== Exercise directions ==
Copy exactly the lines from the beginning of the data down to and including the line holding "Type-C充電接口,具備電量顯示及低電警示功能", without any pictures.

:: Provided data ::

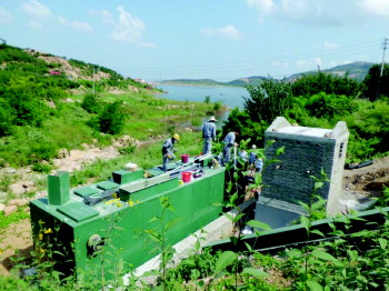 目前,该项目已经完成水库南岸5处污水处理设备的基础开挖工作,设备已经吊装到位,其中3处的配套污水收集管道已经铺设到位,其余两处正在施工。全部工程预计10月底完工。
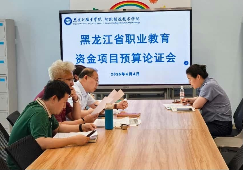 2025年6月4日,智能制造技术学院召开黑龙江省职业教育资金项目预算论证会议。党总支书记敖冰峰、院长李子峰、党总支副书记李焕然、副院长于雪梅、鲍敏参会。
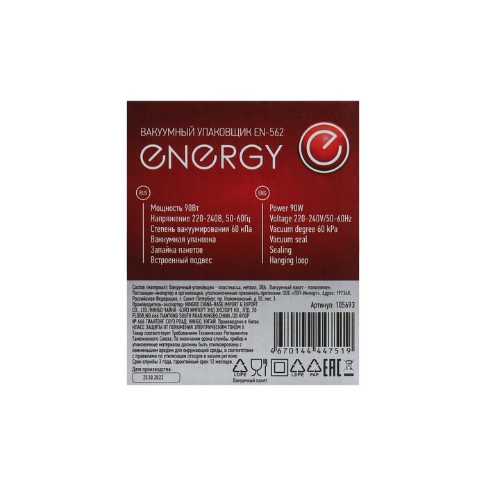Вакуумный упаковщик Energy EN-562 красный интересное:
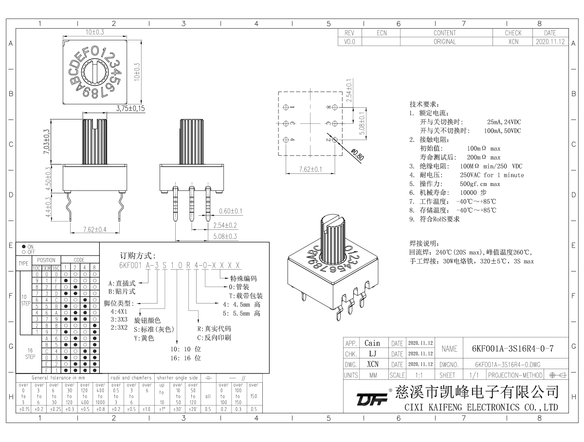 旋鈕開關(guān) 材質(zhì)電鍍:25mA,24VDC 開與關(guān)不切換時(shí):100mA,50VDC 接觸電阻初始值:100mΩ max壽命測試后:200mΩ max絕緣電阻 :100mΩ min/250 VDC耐電壓 :250VAC for 1 minute操作力 :500gf.cm max機(jī)械壽命 :10000步
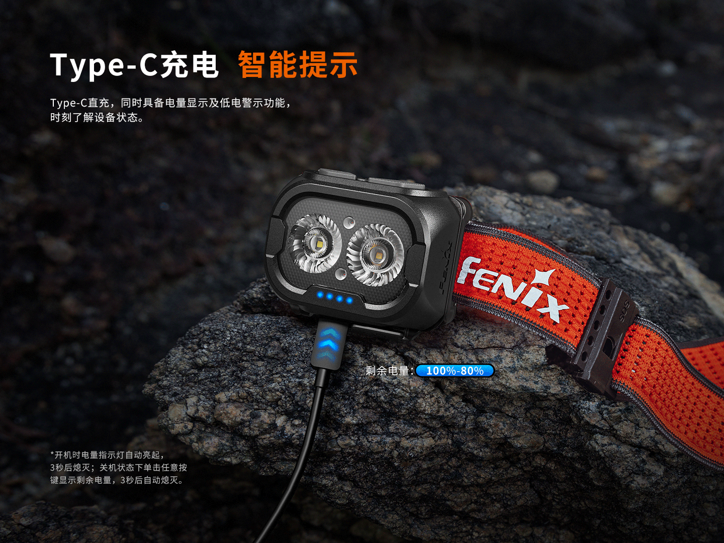 Type-C充電接口,具備電量顯示及低電警示功能
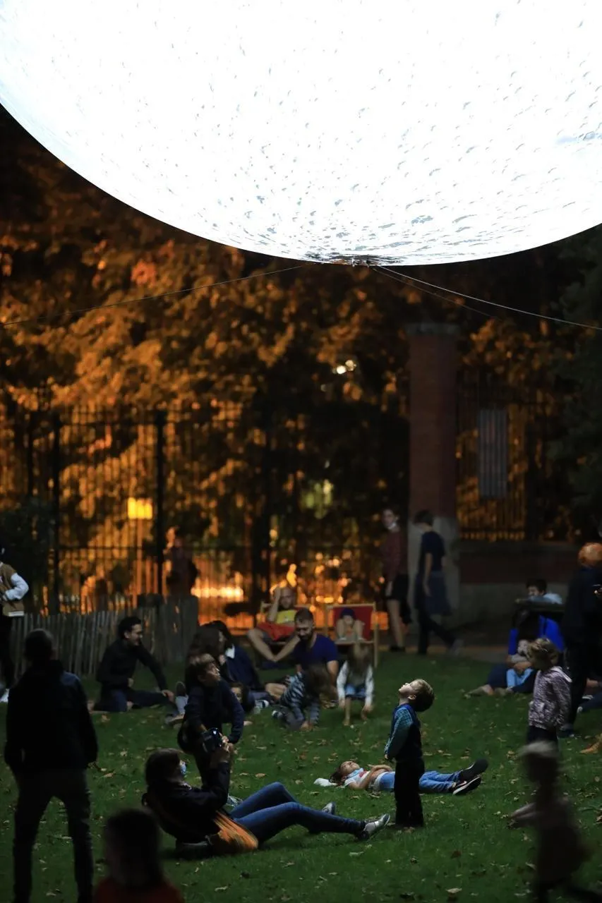 La nuit vient de tomber mais la lumière demeure au parc de Tessé au Mans (Sarthe). Une installation d’une lune géante, de 7 mètres de diamètre, a été placée pour le plus grand émerveillement de ses visiteurs.
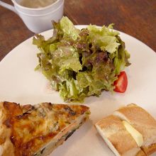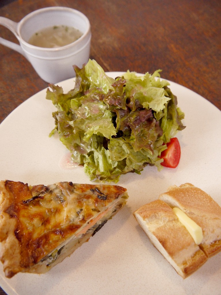 メインとなる皿に、キッシュ(日替わりらしい)、パン(自家製らしい)、サラダが盛られている。スープも別に提供される。これだけでは800円だが、150円追加で、ドリンクとミニデザートが付くとなったので、そうした。
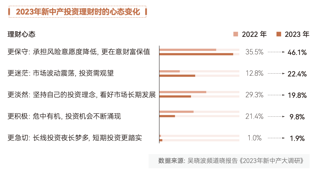 在2023年的《新中产白皮书》中,我们也找到了新中产改变投资态度的蛛丝马迹,今天也分享给大家,作为投资市场“防寒保暖”的一个参考。

:::

== Result ==
 目前,该项目已经完成水库南岸5处污水处理设备的基础开挖工作,设备已经吊装到位,其中3处的配套污水收集管道已经铺设到位,其余两处正在施工。全部工程预计10月底完工。
 2025年6月4日,智能制造技术学院召开黑龙江省职业教育资金项目预算论证会议。党总支书记敖冰峰、院长李子峰、党总支副书记李焕然、副院长于雪梅、鲍敏参会。
Вакуумный упаковщик Energy EN-562 красный интересное:
 旋鈕開關(guān) 材質(zhì)電鍍:25mA,24VDC 開與關(guān)不切換時(shí):100mA,50VDC 接觸電阻初始值:100mΩ max壽命測試后:200mΩ max絕緣電阻 :100mΩ min/250 VDC耐電壓 :250VAC for 1 minute操作力 :500gf.cm max機(jī)械壽命 :10000步
 Type-C充電接口,具備電量顯示及低電警示功能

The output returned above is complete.